───── DATA SECTION

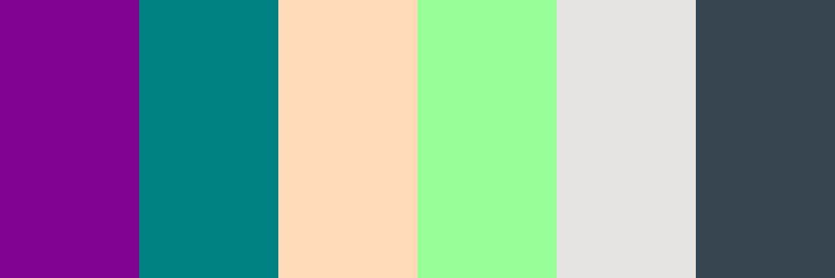 The “Majestic Harmony” palette blends the striking deep purple ( #810490 ) with a serene teal that adds depth. Soft peach infuses warmth and a touch of softness, while mint green introduces a refreshing vibe. Platinum serves as a light neutral to balance the bold colors, and charcoal gray grounds the palette with its understated elegance. This combination creates a sophisticated yet vibrant aesthetic suitable for various design applications.
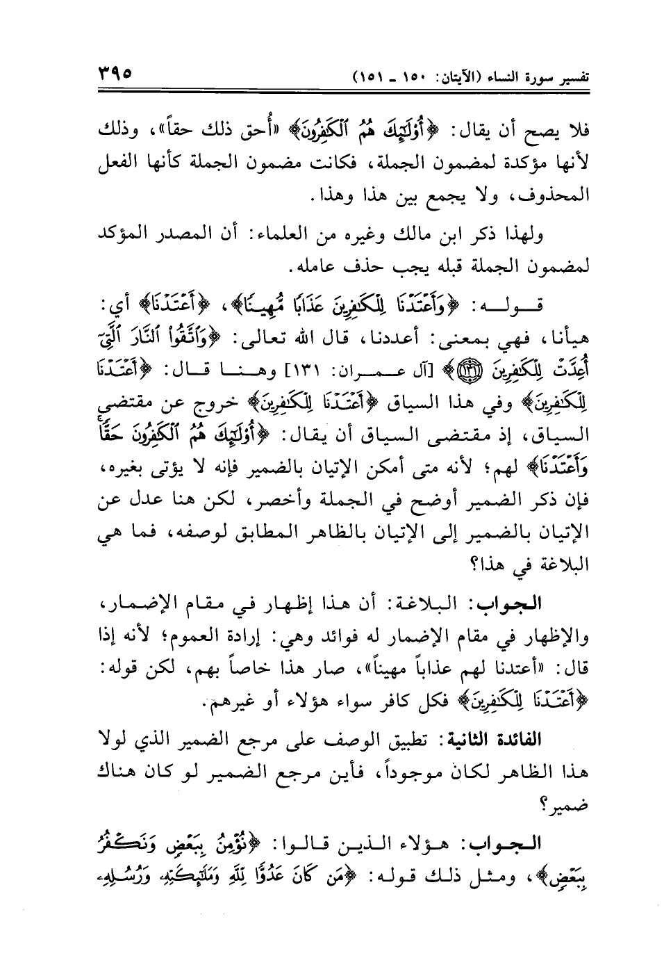 قوله: {وَأَعْتَدْنَا لِلْكَافِرِينَ عَذَابًا مُهِينًا}، {وَأَعْتَدْنَا} أي: هيأنا، فهي بمعنى: أعددنا، قال الله تعالى: {وَاتَّقُوا النَّارَ الَّتِي أُعِدَّتْ لِلْكَافِرِينَ (١٣١)} [آل عمران: ١٣١] وهنا قال: {وَأَعْتَدْنَا لِلْكَافِرِينَ} وفي هذا السياق {وَأَعْتَدْنَا لِلْكَافِرِينَ} خروج عن مقتضى السياق، إذ مقتضى السياق أن يقال: {أُولَئِكَ هُمُ الْكَافِرُونَ حَقًّا وَأَعْتَدْنَا} لهم؛ لأنه متى أمكن الإتيان بالضمير فإنه لا يؤتى بغيره، فإن ذكر الضمير أوضح في الجملة وأخصر، لكن هنا عدل عن الإتيان بالضمير إلى الإتيان بالظاهر المطابق لوصفه، فما هي البلاغة في هذا؟
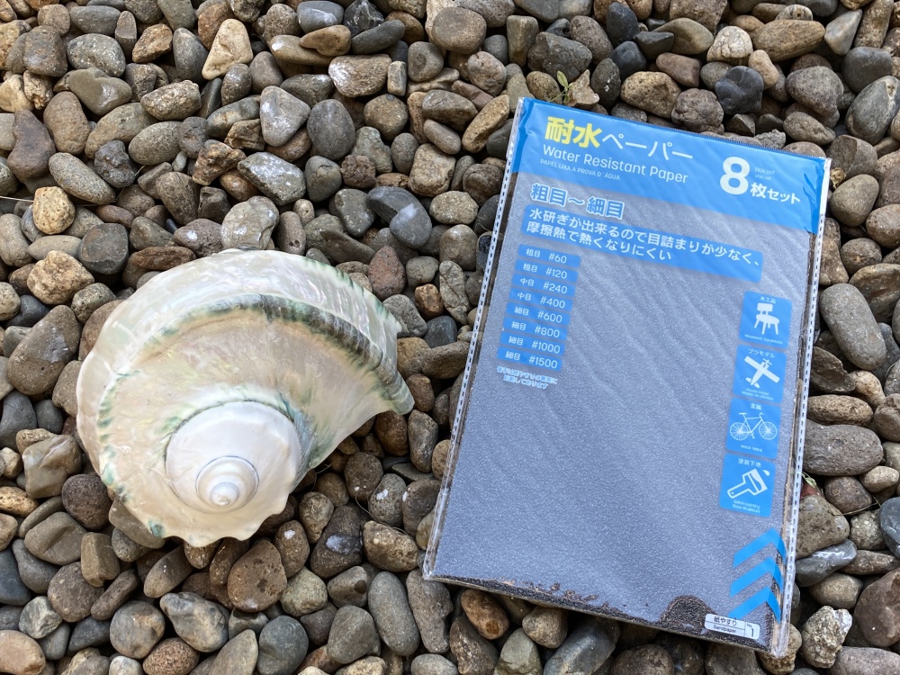 2回の漂白を終えたところで、本格的な研磨作業に入ります。削る作業に使う道具と言えば「ヤスリ」ですが、一体どんな道具が夜光貝に適しているのでしょう? とりあえず紙ヤスリから始めてみたところ——

──────────

→ **EXERCISE DESCRIPTION**: Reproduce the lines above, exactly and exclusively, from the line containing "البلاغة في هذا؟" down to the last line, both included; pictures are not part of the copy.

→ **ANSWER BOX**:
 قوله: {وَأَعْتَدْنَا لِلْكَافِرِينَ عَذَابًا مُهِينًا}، {وَأَعْتَدْنَا} أي: هيأنا، فهي بمعنى: أعددنا، قال الله تعالى: {وَاتَّقُوا النَّارَ الَّتِي أُعِدَّتْ لِلْكَافِرِينَ (١٣١)} [آل عمران: ١٣١] وهنا قال: {وَأَعْتَدْنَا لِلْكَافِرِينَ} وفي هذا السياق {وَأَعْتَدْنَا لِلْكَافِرِينَ} خروج عن مقتضى السياق، إذ مقتضى السياق أن يقال: {أُولَئِكَ هُمُ الْكَافِرُونَ حَقًّا وَأَعْتَدْنَا} لهم؛ لأنه متى أمكن الإتيان بالضمير فإنه لا يؤتى بغيره، فإن ذكر الضمير أوضح في الجملة وأخصر، لكن هنا عدل عن الإتيان بالضمير إلى الإتيان بالظاهر المطابق لوصفه، فما هي البلاغة في هذا؟
 2回の漂白を終えたところで、本格的な研磨作業に入ります。削る作業に使う道具と言えば「ヤスリ」ですが、一体どんな道具が夜光貝に適しているのでしょう? とりあえず紙ヤスリから始めてみたところ——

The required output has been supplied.